My work pictured by AI – Sarah Saneei

What is this work about? Vocal learning plays an important role during speech development in human infants and is vital for language. However, the complex structure of language creates a colossal challenge in quantifying and tracking vocal changes in humans. Consequently, animals with simpler vocal communication systems are powerful tools for understanding the mechanisms underlying vocal learning. While human infants show the most drastic vocal changes, many adult animals, including humans, continue to show vocal learning in the form of a much-understudied phenomena called vocal accommodation. Vocal accommodation is often seen when people use similar words, pronunciations and speech rate to their conversing partner. Such a phenomena is also seen in common marmosets, a highly voluble Brazilian monkey species, with a simpler communication system compared to humans. In this project, I developed a mathematical model that explains the basic principles and rules underlying marmoset vocal accommodation. The model provides crucial insights into the mechanisms underlying vocal learning in adult animals and how they might differ from vocal learning in infant animals and humans.

The first word that came to mind when seeing the AI-generated picture? Monkey-learning.

What is this work about? Speakers can convey information with varying degrees of confidence, and this typically impacts the extent to which their messages are accepted as true. Confident speakers are more likely to be believed than unconfident one. Crucially, though, this benefit comes with additional risks. Confident speakers put their reputation at stake: if their message turns out to be false, they are more likely to suffer a repetitional loss than unconfident speakers. In this paper, we investigate the extent to which perceived speaker trustworthiness is affected by evidence. Our experiments show that the reputation of confident speakers is not damaged when their false claims are supported by strong evidence, but it is damaged when their true claims are based on weak evidence.

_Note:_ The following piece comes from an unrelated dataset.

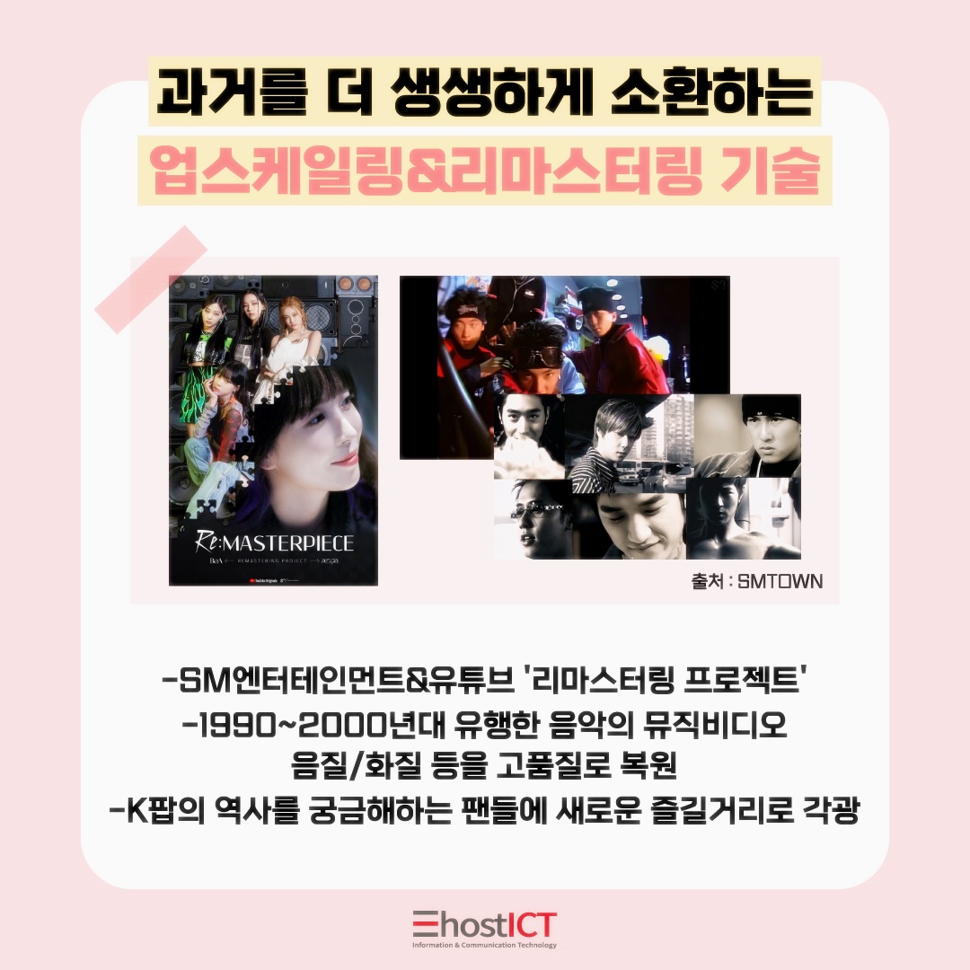 SM엔터테인먼트와 유튜브는 협업하여 '리마스터링 프로젝트'를 추진하여 1990~2000년대 유행했던 음악의 뮤직비디오들 음질/화질을 고품질로 복원하였습니다. 이 프로젝트로 K-Pop의 역사를 궁금해하는 팬들에게 새로운 즐길거리로 호응을 얻고 있으며 현재의 K팝도 더욱 관심도를 높일 수 있었다고 하네요.

The first word that came to mind when seeing the AI-generated picture? Trust me.

What is this work about? The speech signal carries hierarchically organized acoustic and linguistic information. Recent research suggests that the brain uses brain waves, called cortical oscillations, to process this information. Especially oscillations in the theta frequency range (4-8 Hz) have been found to be important: Theta oscillations process acoustic energy in the speech signal associated with the timing of syllables. However, there is also slower information in the speech signal that corresponds to stress and intonation patterns and are part of the prosody – the rhythm and melody – of a language.

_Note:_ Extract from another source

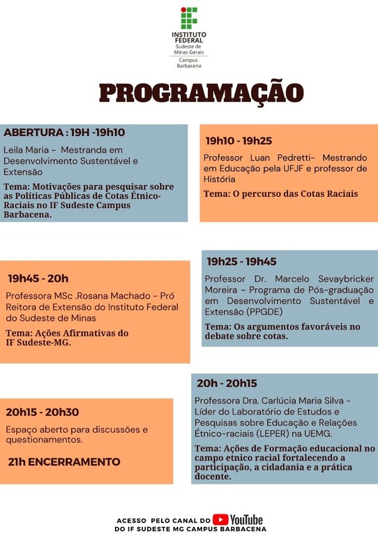 O evento é voltado para a comunidade acadêmica e será transmitido pelo canal do Campus Barbacena no Youtube.

To better understand how the brain processes these different levels at the same time, we conducted an experiment with 30 participants who listened to German sentences with manipulated stress and intonation patterns. We found that the brain is able to simultaneously process the syllable, stress and intonation patterns of speech. However, changes in stress patterns disrupted the brain’s ability to track syllables with theta oscillations. Conversely, the brain was able to compensate for changes in intonation patterns by using linguistic knowledge. Additionally, we found that individuals varied in their ability to process the prosodic structure of the speech signal, with some participants better able to compensate for acoustic changes than others. Overall, our results support the idea that the brain uses a hierarchical organization of cortical oscillations to process the speech signal.

The first word that came to mind when seeing the AI-generated picture? Nostalgia.